Some on-line resources:
https://www.rstudio.com/wp-content/uploads/2015/03/ggplot2-cheatsheet.pdf
http://r-statistics.co/ggplot2-cheatsheet.html
http://tutorials.iq.harvard.edu/R/Rgraphics/Rgraphics.html
Let’s start using the data from the homework. Remember that for this data we have the following variables:
Let’s create a simple scatterplot of the proportion of votes for the democratic candidate in 2000 vs 2004. We obviously expect a positive relationship between these two variables. Let’s take a look.
First we should create a ggplot
object with the data and aesthetics as paramtehers.
## Load libraries
library(foreign)
library(ggplot2)
## Set working directory
setwd("C://Users/Edgar/Dropbox/PhD/4_year/winter/machineLearning/H1/")
## Load data
ca2006 <- read.csv('ca2006.csv')
### Create a ggplot object object
## In this case data corresponds to the dataset, and the asthetics defines x and y coordinates
dem_pres_plot <- ggplot(data=ca2006, aes(x=dem_pres_2000, y=dem_pres_2004))
The data is already mapped but we still need to specify some geometry to display it. The corresponding geometry for a scatterplot is geom_point()
. Other geometries include geom_histogram()
, geom_line()
and so on.

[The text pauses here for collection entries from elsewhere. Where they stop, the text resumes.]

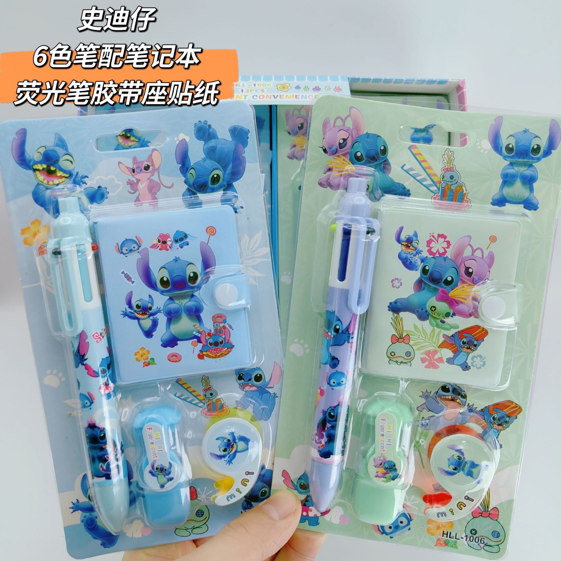 新カピバラ スティッチ ノート 6色ペン 蛍光ペン テープホルダー ステッカー 組み合わせ文具セット ギフト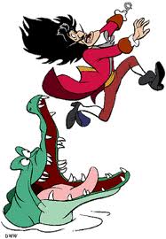 The villain in Peter Pan is a pirate. Now Captain James Hook honestly looks a little hilarious, with his goofy hat and Jay Leno chin and twitchy mustache. His melodramatic temper tantrums and physical terror of the crocodile are also kind of funny. It's hard to take him seriously.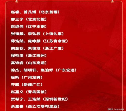 在第一阶段常规赛结束后,中国篮协就官宣了这次国家队的集训名单,分别是:赵睿,曾凡博,廖三宁,赵继伟,张镇麟,李弘权,蒋浩然,庞峥麟,胡金秋,朱俊龙,程帅澎,高诗岩,徐杰,胡明轩,焦泊乔,徐昕,齐麟,赵嘉义,贺希宁,王浩然,余嘉豪。
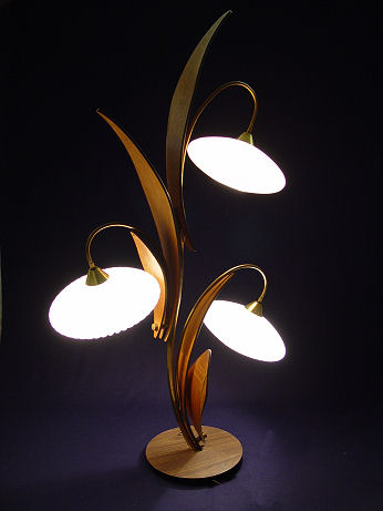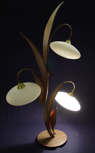 MID CENTURY MODERNE BENTWOOD LAMP: Three white glass pleated glass shades as flowers, the leaves are formed of bentwood. 52''h.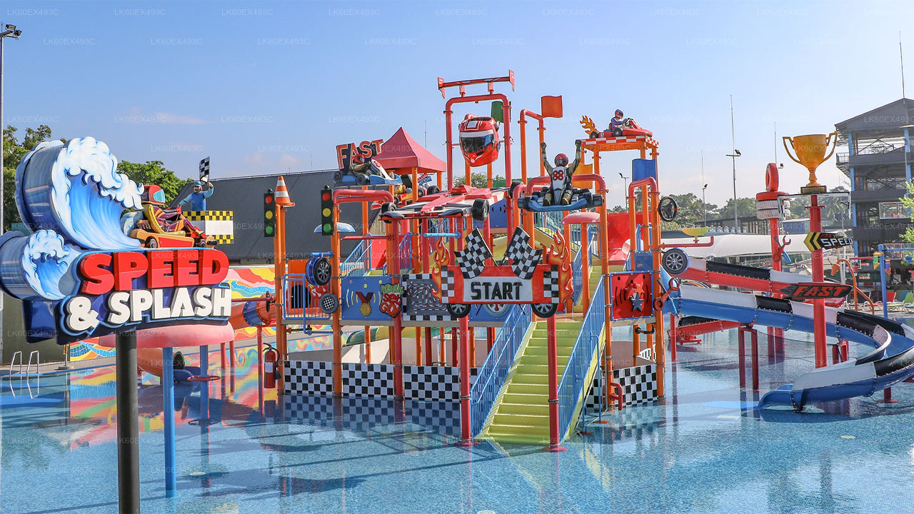 - (A) Speed + Splash Combo: Unlimited waterpark access for the day, 10-minute karting session (average of 10 laps), lap time tracking, helmet, shower cap, gloves, swimming pool, and basketball.

You can already see that these are easy to remember,
dem_pres_plot <- dem_pres_plot + geom_point() # geometry for scatterplot
dem_pres_plot
We can also use additional information from the dataset. For example, let’s add dem_inc
to differentiate those districts with democratic incumbents. We can do this with a new aesthetics, in this case color
which differentiates points by color.
dem_pres_plot <- ggplot(data=ca2006, aes(x=dem_pres_2000, y=dem_pres_2004))

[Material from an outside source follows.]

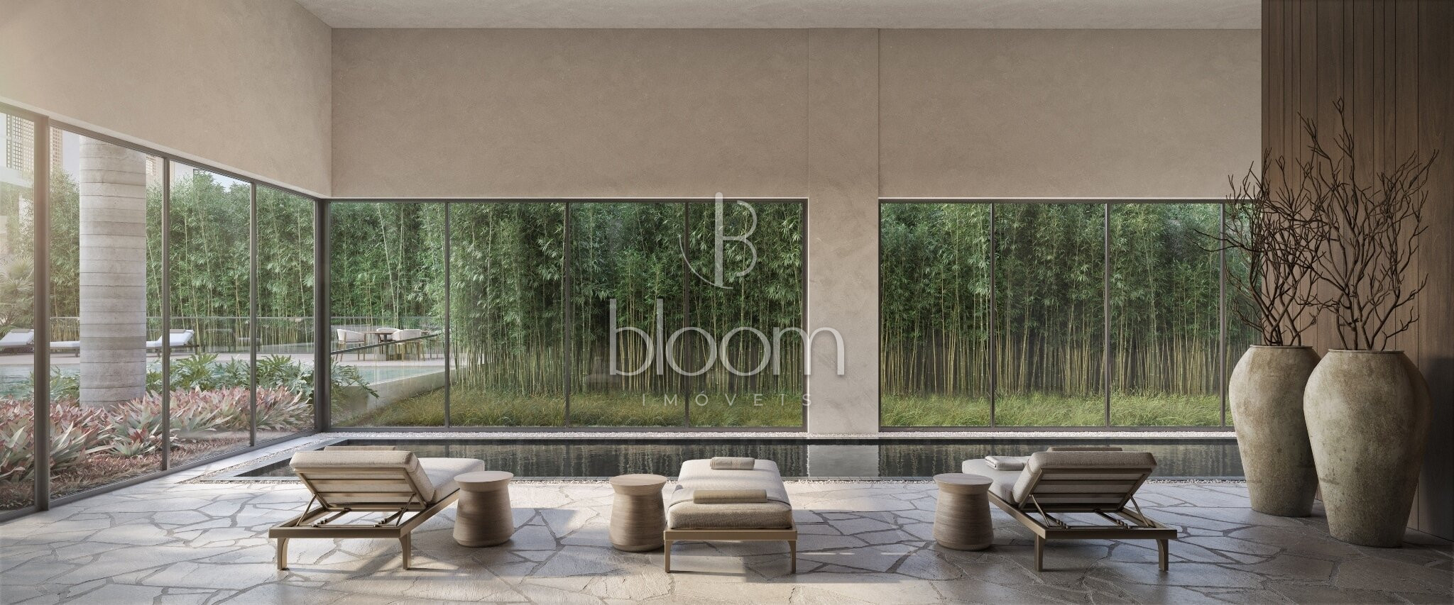 Guarita blindada, Portaria 24hs, Sistema de eclusa, Praça central, Espelho d'água, Hall de entrada, Lobby, Central de entregas e delivery, Concierge, Fireplace, Piscina coberta aquecida adulta e infantil, Piscina externa adulta e infantil, Sala de massagem, Salão de festas, Espaço gourmet, Brinquedoteca, Academia, Miniquadra, Espaço beauty, Espaço pet, Bicicletário, Bosque privativo, Projeto de segurança Haganá, Garagem com pintura epóxi, Estacionamento para visitantes, Placas fotovoltaicas para as áreas comuns, Ponto de carregamento para carro elétrico.

dem_pres_plot<- dem_pres_plot + geom_point(aes(color=(dem_inc))) ## Specify the color aes here
dem_pres_plot
Here we get a spectrum of color for values 0 to 1, but in reality we only need two colors since this is a binary variable. We can transform the variable to a factor directly in ggplot without modifying the data.

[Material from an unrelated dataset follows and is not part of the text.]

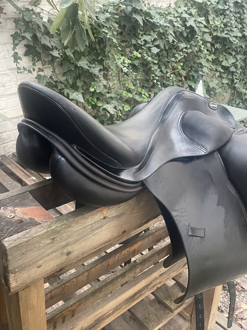 Siodło ujeżdżeniowe Erreplus Dressage 17,5 cala KW 33 SL - Erreplus Dressage 17 cali, szerokość komory 33 SL (Shoulderless) Regularnie konserwowane i sprawdzane przez rymarza Komora regulowana na zimno Szlachetny wygląd dzięki połączeniu gładkiej skóry i zamszu Siodło jest ogólnie w bardzo dobrym stanie, miękkie i równomiernie wyściełane Niestety ma małą skazę na siedzeniu, gdzie kot stajenny go podrapał, dlatego tanio sprzedam Cena podlega negocjacji i obejmuje podkładkę pod siodło Możliwa wysyłka!

dem_pres_plot <- ggplot(data=ca2006, aes(x=dem_pres_2000, y=dem_pres_2004))
dem_pres_plot <- dem_pres_plot + geom_point(aes(color=factor(dem_inc))) # Transform the variable to a factor
dem_pres_plot
Let’s add additional layes. In this case a vertical linea at dem_pres_2000=0.5
.
dem_pres_plot <- ggplot(data=ca2006, aes(x=dem_pres_2000, y=dem_pres_2004))
dem_pres_plot <- dem_pres_plot+ geom_point(aes(color=factor(dem_inc) ))
dem_pres_plot <- dem_pres_plot + geom_vline(xintercept=0.5, color="red") # Adding a line with a specific color.
dem_pres_plot
Looking good! But still the name factor(dem_inc)
in the legend looks weird. We can change the labels with labs()
, also notice that we can change the labels for the new factor variable.
dem_pres_plot <- ggplot(data=ca2006, aes(x=dem_pres_2000, y=dem_pres_2004))
dem_pres_plot <- dem_pres_plot + geom_point(aes(color=factor(dem_inc,labels=c("No", "Yes") ))) # Chaning the labels
dem_pres_plot <- dem_pres_plot + geom_vline(xintercept=0.5, color="red")
dem_pres_plot <- dem_pres_plot + labs(color ="Dem. inc." ) # Chaning the legend title
dem_pres_plot
Let’s add axis labels an title with xlab()
, ylab()
and ggtitle()
dem_pres_plot <- dem_pres_plot + xlab("Dem. Vote 2000") + ylab("Dem. Vote 2004") +
ggtitle("Vote for democratic candidate (2000 vs 2004)")
dem_pres_plot
There are a lot of different themes available for ggplot. After our plot is complete we can simply specify the theme.
dem_pres_plot <- dem_pres_plot + theme_bw()
dem_pres_plot
Cool. Finally, we only need to save it. We can save it in “.eps”, “ps”, “tex” (pictex), “pdf”, “jpeg”, “tiff”, “png”, “bmp”, “svg” or “wmf” formats. We can also change the scale, width, height, size and many other parameters.
# Saving the plot as .pdf and width=6. All other parameters are default.
ggsave('dem_pres_plot.pdf', width=6,dem_pres_plot )
## Saving 6 x 5 in image
Think about the implications of this plot. Why there is a gap around the vertical line? Do district vote consistently across time?